Black and Great provides readers with honest and practical advice to thrive and carve out the career of their dreams, whilst embracing their Blackness. Featuring interviews and letters from some of the UK’s leading Black voices including Beverley Knight, Sir Steve McQueen, Trevor Nelson, Ashley Walters, Alexandra Burke and Gina Yashere, as well as several Black people who are captains of their industry. Two of these inspiring personalities, record label juggernaut Alex Boateng and senior woman in tech Dionne Condor-Farrell, joined Rene to share highlights at the official book launch hosted by Twitter Black Birds UK last month.
Black and Great is essential reading for Black students and young professionals. Through the personal anecdotes and real-life examples, readers will gain exclusive insight into Rene’s and the book’s contributors, career highs and lows, how they bounced back from failure, plus the best and worst advice they have received over the years.
Black and Great also gives valuable and actional steps on how to overcome imposter syndrome, how to craft a personal brand, tips on salary negotiation, preparing for the future of work, navigating career pivots, and much more.
This book will help you learn how to thrive if you are ‘Living While Black’
During the official book launch, Rene gave so many valuable tips and insights about the book, but we’ve picked out a few highlights to share with you here.
Who is Black and Great for?
First and foremost, it’s for Black students and professionals. But its also for everyone who wants to understand more about the Black work experience. It was very important for me that Black students and professionals get access to my book. I recently spoke at a school, where there were predominantly Black students and I said to them “when I wrote this book, I prayed that it would get to people like yourselves”. This is because career books tend to not be targeted us.
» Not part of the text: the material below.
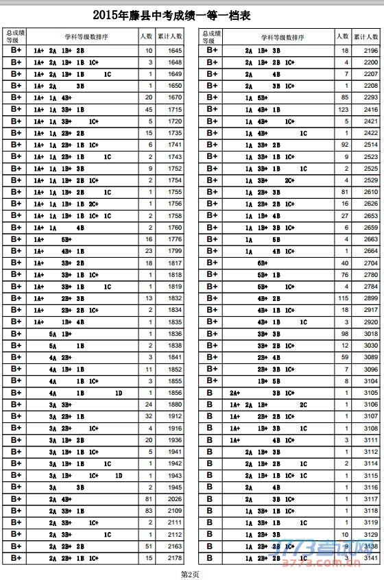 2015年藤县中考成绩一等一档表 总成绩 等级 学科等级数排序 人数 累计人数 总成绩 等级 学科等级数排序 人数 累计人数 A+ 6A+ 14 14 A+ 5 1 A+ A 42 56 A+ 5 1 A+ B+ 5 61 A+ 4 2 A+ A 79 140 A+ 4 11 A+ A B+ 33 173 A+ 4 2 A+ B+ 3 176 A+ 4 11 A+ B+ B 1 177 A+ 3 3 A+ A 104 281 A+ 3 21 A+ A B+ 64 345 A+ 3 12 A+ A B+ 5 350 A+ 2 4 A+ A 70 420 A+ 2 31 A+ A B+ 44 464 A+ 2 22 A+ A B+ 6 470 A+ 2 21 1 A+ A B+ B 1 471 A+ 1 5 A+ A 28 499 A+ 1 41 A+ A B+ 14 513 A+ 14 1 A+ A B 1 514 A+ 1 32 A+ A B+ 1 515 A+ 6A 1 516 A 5 1 A+ A 1 517 A 4 11 A+ A B+ 2 519 A 41 1 A+ A B 2 521 A 4 2 A+ B+ 3 524 A 3 3 A+ A 4 528 A 3 21 A+ A B+ 23 551 A 32 1 A+ A B 9 560 A 3 12 A+ A B+ 21 581 A 3 11 1 A+ A B+ B 6 587 A 3 11 1 A+ A B+ C+ 1 588 A 31 2 A+ A B 1 589 A 3 3 A+ B+ 6 595 A 3 21 A+ B+ B 4 599 A 3 12 A+ B+ B 1 600 A 2 4 A+ A 21 621 A 2 31 A+ A B+ 68 689 A 23 1 A+ A B 6 695 A 2 22 A+ A B+ 71 766 A 2 21 1 A+ A B+ B 16 782 A 2 13 A+ A B+ 31 813 A 2 12 1 A+ A B+ B 11 824 A 2 11 2 A+ A B+ B 2 826 A 2 4 A+ B+ 14 840 A 2 31 A+ B+ B 1 841 A 1 5 A+ A 30 871 A 1 41 A+ A B+ 89 960 A 14 1 A+ A B 3 963 A 1 32 A+ A B+ 124 1087 A 1 31 1 A+ A B+ B 21 1108 A 13 2 A+ A B 3 1111 A 1 23 A+ A B+ 72 1183 A 1 22 1 A+ A B+ B 20 1203 A 1 21 2 A+ A B+ B 1 1204 A 1 14 A+ A B+ 23 1227 A 1 13 1 A+ A B+ B 3 1230 A 1 5 A+ B+ 3 1233 A 6A 14 1247 A 5 1 A B+ 48 1295 A 5 1 A B 1 1296 A 4 2 A B+ 92 1388 A 41 1 A B+ B 4 1392 A 3 3 A B+ 86 1478 A 32 1 A B+ B 17 1495 A 2 4 A B+ 43 1538 A 23 1 A B+ B 2 1540 A 1 5 A B+ 5 1545 A 6B+ 1 1546 B+ 3 11 1 A+ A B+ B 3 1549 B+ 23 1 A+ A C 1 1550 B+ 2 22 A+ A B+ 1 1551 B+ 2 21 1 A+ A B+ B 3 1554 B+ 2 21 1 A+ A B+ C+ 2 1556 B+ 22 2 A+ A B 2 1558 B+ 2 12 1 A+ A B+ B 2 1560 B+ 2 11 2 A+ A B+ B 9 1569 B+ 2 11 11 A+ A B+ B C+ 1 1570 B+ 2 4 A+ B+ 1 1571 B+ 2 31 A+ B+ B 3 1574 B+ 2 22 A+ B+ B 8 1582 B+ 2 13 A+ B+ B 2 1584 B+ 14 1 A+ A B 2 1586 B+ 14 1 A+ A C+ 1 1587 B+ 1 32 A+ A B+ 1 1588 B+ 1 31 1 A+ A B+ B 4 1592 B+ 1 31 1 A+ A B+ C+ 2 1594 B+ 13 2 A+ A B 3 1597 B+ 1 23 A+ A B+ 6 1603 B+ 1 22 1 A+ A B+ B 30 1633 B+ 1 22 1 A+ A B+ C+ 2 1635 第1页2015年藤县中考成绩一等一档表 总成绩 等级 学科等级数排序 人数 累计人数 总成绩 等级 学科等级数排序 人数 累计人数 B+ 1 21 2 A+ A B+ B 10 1645 B+ 1 21 11 A+ A B+ B C+ 3 1648 B+ 1 21 1 1 A+ A B+ B C 1 1649 B+ 12 3 A+ A B 1 1650 B+ 1 14 A+ A B+ 20 1670 B+ 1 13 1 A+ A B+ B 45 1715 B+ 1 13 1 A+ A B+ C+ 5 1720 B+ 1 12 2 A+ A B+ B 15 1735 B+ 1 12 11 A+ A B+ B C+ 6 1741 B+ 1 12 1 1 A+ A B+ B C 2 1743 B+ 1 11 3 A+ A B+ B 9 1752 B+ 1 11 21 A+ A B+ B C+ 2 1754 B+ 1 11 2 1 A+ A B+ B C 1 1755 B+ 1 11 12 A+ A B+ B C+ 1 1756 B+ 1 11 11 1 A+ A B+ B C+ C 2 1758 B+ 11 4 A+ A B 2 1760 B+ 1 5 A+ B+ 16 1776 B+ 1 41 A+ B+ B 23 1799 B+ 1 32 A+ B+ B 18 1817 B+ 1 3 11 A+ B+ B C+ 1 1818 B+ 1 31 1 A+ B+ B C 1 1819 B+ 1 23 A+ B+ B 13 1832 B+ 1 2 21 A+ B+ B C+ 2 1834 B+ 1 14 A+ B+ B 1 1835 B+ 5 1 A B+ 1 1836 B+ 5 1 A B 2 1838 B+ 4 2 A B+ 3 1841 B+ 41 1 A B+ B 11 1852 B+ 4 11 A B C+ 3 1855 B+ 41 1 A B D 1 1856 B+ 3 3 A B+ 24 1880 B+ 32 1 A B+ B 32 1912 B+ 32 1 A B+ C+ 4 1916 B+ 31 2 A B+ B 20 1936 B+ 31 11 A B+ B C+ 5 1941 B+ 31 1 1 A B+ B C 1 1942 B+ 31 1 1 A B+ C+ D 1 1943 B+ 3 3 A B 2 1945 B+ 2 4 A B+ 81 2026 B+ 23 1 A B+ B 83 2109 B+ 23 1 A B+ C+ 2 2111 B+ 23 1 A B+ C 1 2112 B+ 22 2 A B+ B 51 2163 B+ 22 11 A B+ B C+ 15 2178 B+ 21 3 A B+ B 18 2196 B+ 21 21 A B+ B C+ 4 2200 B+ 2 4 A B 7 2207 B+ 2 31 A B C+ 1 2208 B+ 1 5 A B+ 85 2293 B+ 14 1 A B+ B 123 2416 B+ 14 1 A B+ C+ 5 2421 B+ 14 1 A B+ C 1 2422 B+ 13 2 A B+ B 92 2514 B+ 13 11 A B+ B C+ 9 2523 B+ 13 1 1 A B+ B C 2 2525 B+ 13 2 A B+ C+ 4 2529 B+ 12 3 A B+ B 81 2610 B+ 12 21 A B+ B C+ 16 2626 B+ 11 4 A B+ B 27 2653 B+ 11 31 A B+ B C+ 6 2659 B+ 1 5 A B 4 2663 B+ 1 41 A B C+ 1 2664 B+ 6B+ 40 2704 B+ 5 1 B+ B 76 2780 B+ 5 1 B+ C+ 4 2784 B+ 4 2 B+ B 115 2899 B+ 4 11 B+ B C+ 18 2917 B+ 41 1 B+ B C 3 2920 B+ 3 3 B+ B 98 3018 B+ 3 21 B+ B C+ 12 3030 B+ 2 4 B+ B 59 3089 B+ 2 31 B+ B C+ 7 3096 B+ 1 5 B+ B 8 3104 B 2 31 A+ B C+ 1 3105 B 1 21 2 A+ A B+ C 1 3106 B 1 2 21 A+ B+ B C+ 1 3107 B 1 13 1 A+ B+ B C 1 3108 B 1 41 A+ B C+ 3 3111 B 21 3 A B+ B 1 3112 B 21 2 1 A B+ B C 2 3114 B 21 11 1 A B+ B C+ C 1 3115 B 2 4 A B 1 3116 B 2 31 A B C+ 1 3117 B 13 11 A B+ B C+ 1 3118 B 13 1 1 A B+ B C 1 3119 B 12 3 A B+ B 10 3129 B 12 21 A B+ B C+ 9 3138 B 12 2 1 A B+ B C 3 3141 第2页2015年藤县中考成绩一等一档表 总成绩 等级 学科等级数排序 人数 累计人数 总成绩 等级 学科等级数排序 人数 累计人数 B 12 2 1 A B+ B D 1 3142 B 12 12 A B+ B C+ 5 3147 B 12 11 1 A B+ B C+ C 4 3151 B 1 2 1 11 A B+ B C D 1 3152 B 11 4 A B+ B 16 3168 B 11 31 A B+ B C+ 18 3186 B 11 3 1 A B+ B C 4 3190 B 11 22 A B+ B C+ 9 3199 B 11 21 1 A B+ B C+ C 3 3202 B 11 2 2 A B+ B C 1 3203 B 11 13 A B+ B C+ 1 3204 B 11 12 1 A B+ B C+ C 1 3205 B 11 11 2 A B+ B C+ C 1 3206 B 1 5 A B 4 3210 B 1 41 A B C+ 8 3218 B 141 A B C 1 3219 B 1 32 A B C+ 7 3226 B 1 31 1 A B C+ C 2 3228 B 1 23 A B C+ 7 3235 B 1 22 1 A B C+ C 2 3237 B 1 21 2 A B C+ C 1 3238 B 1 2 1 11 A B C+ C D 1 3239 B 1 14 A B C+ 1 3240 B 1 13 1 A B C+ C 2 3242 B 1 41 A C+ C 1 3243 B 5 1 B+ C+ 1 3244 B 4 2 B+ B 7 3251 B 4 11 B+ B C+ 4 3255 B 41 1 B+ B C 3 3258 B 4 2 B+ C+ 1 3259 B 4 11 B+ C+ D 1 3260 B 4 2 B+ C 1 3261 B 3 3 B+ B 45 3306 B 3 21 B+ B C+ 40 3346 B 32 1 B+ B C 6 3352 B 32 1 B+ B E 1 3353 B 3 12 B+ B C+ 13 3366 B 3 11 1 B+ B C+ C 4 3370 B 3 3 B+ C+ 1 3371 B 3 21 B+ C+ C 1 3372 B 2 4 B+ B 102 3474 B 2 31 B+ B C+ 71 3545 B 23 1 B+ B C 20 3565 B 2 22 B+ B C+ 39 3604 B 2 21 1 B+ B C+ C 12 3616 B 2 21 1 B+ B C+ D 1 3617 B 2 2 11 B+ B C D 1 3618 B 2 13 B+ B C+ 9 3627 B 2 12 1 B+ B C+ C 4 3631 B 2 11 2 B+ B C+ C 1 3632 B 2 1 1 11 B+ B C+ C D 1 3633 B 2 4 B+ C+ 3 3636 B 2 31 B+ C+ D 2 3638 B 1 5 B+ B 151 3789 B 1 41 B+ B C+ 144 3933 B 14 1 B+ B C 24 3957 B 14 1 B+ B D 1 3958 B 1 32 B+ B C+ 113 4071 B 1 31 1 B+ B C+ C 33 4104 B 1 31 1 B+ B C+ D 2 4106 B 1 31 1 B+ B C+ E 2 4108 B 13 2 B+ B C 3 4111 B 1 23 B+ B C+ 70 4181 B 1 22 1 B+ B C+

I feel that we need to have access to that knowledge so much earlier.
On feeling like you’re the only one going through it
Sometimes when you are the only one in certain spaces it can feel like you are the only one. When I was interviewing for the book, I found that my contributors came from every industry or field that you can think of. Something I found interesting is that across those industries so many people’s experiences were similar and so that feeling of, ‘okay, I’m not the only one going through this or I’m not imagining things [being treated a certain way] is powerful. I feel like if I was younger and had a book like this in my hand, I think it would have helped me realise that so many experiences aren’t just unique to me. While that’s not necessarily a good thing, it helps to validate the feelings that one sometimes goes through.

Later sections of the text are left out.